The Horse World Is Looking at Photos Differently Now: A New Study Shows Why That Matters

Photo by Haley Boothe / Impulsion Media.

We all know the photo.

Maybe it’s the big, breath-stealing one: a horse galloping over something enormous and solid, knees tucked, ears pricked, rider folded neatly above. Maybe it’s the dressage shot: grace and polish and an Olympic backdrop. Maybe it’s the one after the finish, when the rider drops the reins, throws their arms around the horse’s neck, and the emotion is palpable.

For years, equestrian sport has leaned hard on those pictures to tell the story: a true glimpse at “moments in time” showing the athleticism, the elegance, the scale, the partnership involved with our sports.

But a new study suggests horse people are no longer just asking whether an image is beautiful — they are asking whether or not the horse looks okay. Healthy. Happy. Unafraid. Treated well.

The study, “Framing Welfare: How Enthusiasts Read Partnership and Positive Practice in Olympic Equestrian Images,” took a closer look at how horse enthusiasts interpret photographs from the Paris 2024 Olympic equestrian events. An accredited photographer captured over 4,700 images across dressage, show jumping, eventing, training sessions, and behind-the-scenes areas at Versailles. From those, researchers used a structured selection and review process to choose 30 images for an online survey. 514 respondents ranked the images, chose favorites, and explained what made an image feel positive — or not.

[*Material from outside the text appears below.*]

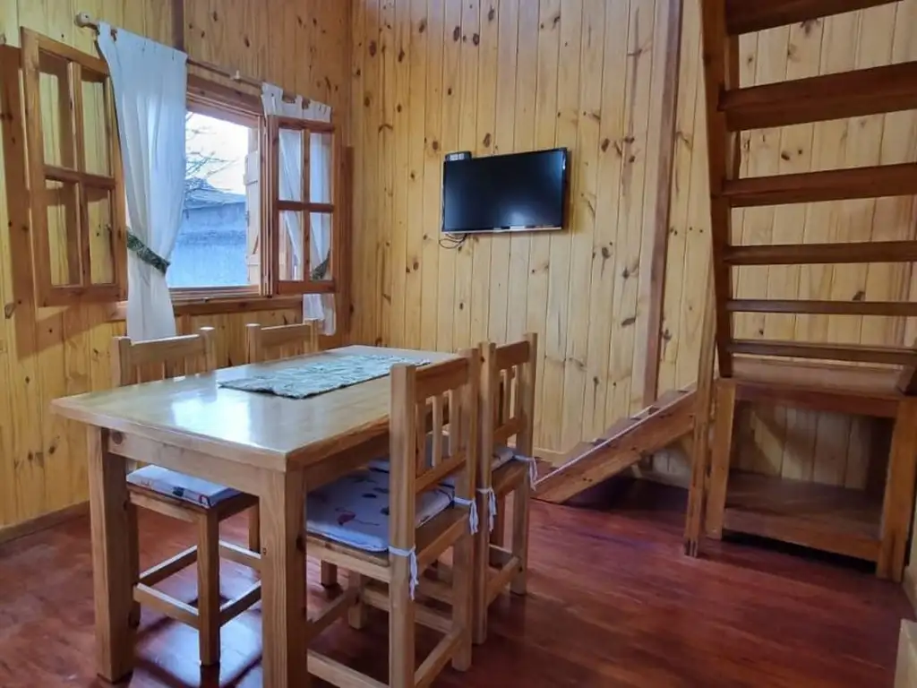 Cabañas equipadas para 4 personas , se dispone en planta baja con un living-comedor, cocina , baño y dormitorio matrimonial, planta alta cuenta con una habitacion con camas individuales. Parque con parrillita y trotadora para el auto. Cuenta con todos los servicios incluyendo internet y directv prepago.
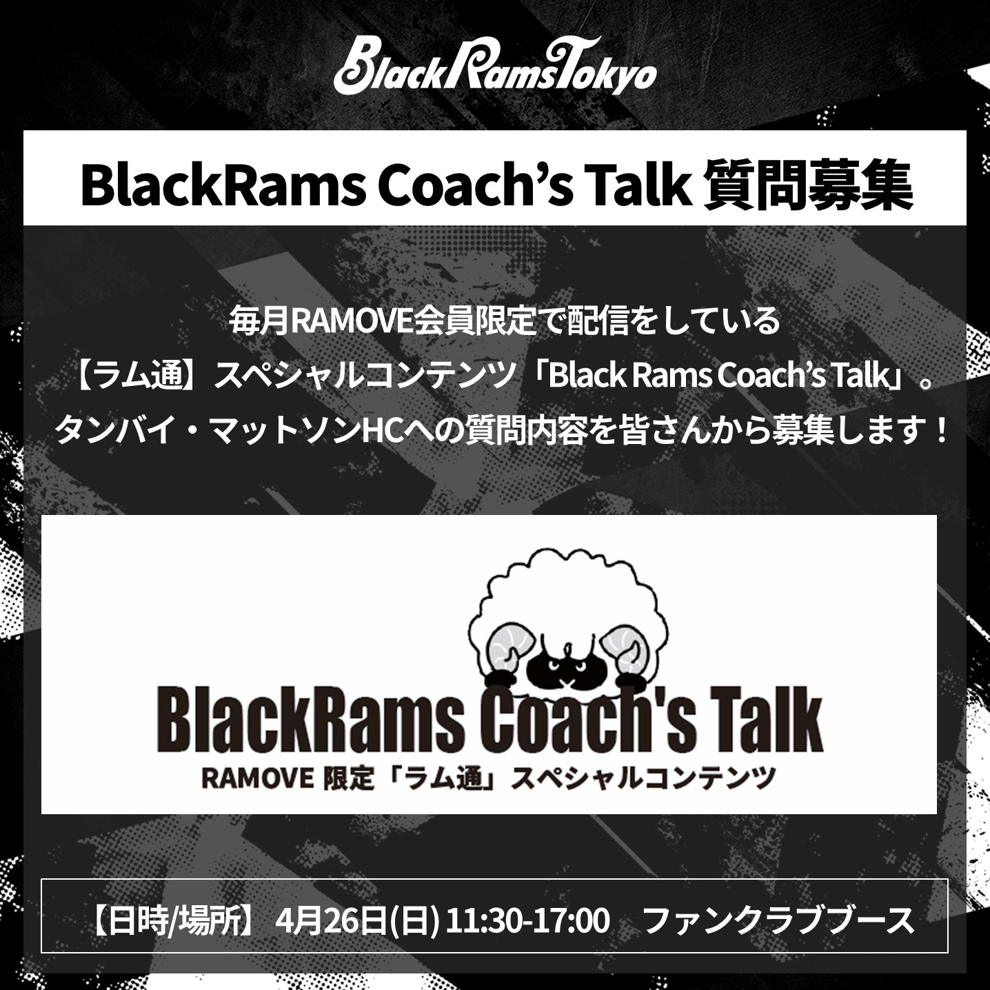 2026年4月26日(日) 第16節 トヨタヴェルブリッツ戦にて、RAMOVE会員限定で「BlackRams Coach’s Talk」質問募集企画を実施します。

The biggest takeaway is simple, but important: respondents were not looking at Olympic equestrian photos as neutral sports photography. They were reading them as ethical evidence. A photo was not just a photo. It was a statement about the horse’s comfort, the rider’s fairness, the sport’s priorities, and — whether we like it or not — how all of this looks to the outside world.

The images that landed best were not necessarily the most technically dramatic; they were the ones that showed what the study describes as horse-first partnership: visible praise, care, empathy, gratitude, and a sense that the horse was being treated as a partner rather than a means to an end with legs.

Frida Andersen and Box Leo compete at the Paris Olympics in 2024. Photo by Tilly Berendt.

Respondents also paid close attention to the horse’s expression and body language. Ears, eyes, mouth, posture, tension, fatigue, softness — all of these were part of the read. A horse who looked relaxed, willing, and confident could make an image feel deeply positive. A horse who looked tight, worried, restricted, tired, or resistant could shift the entire feeling of the photo, even if the athletic moment itself was impressive.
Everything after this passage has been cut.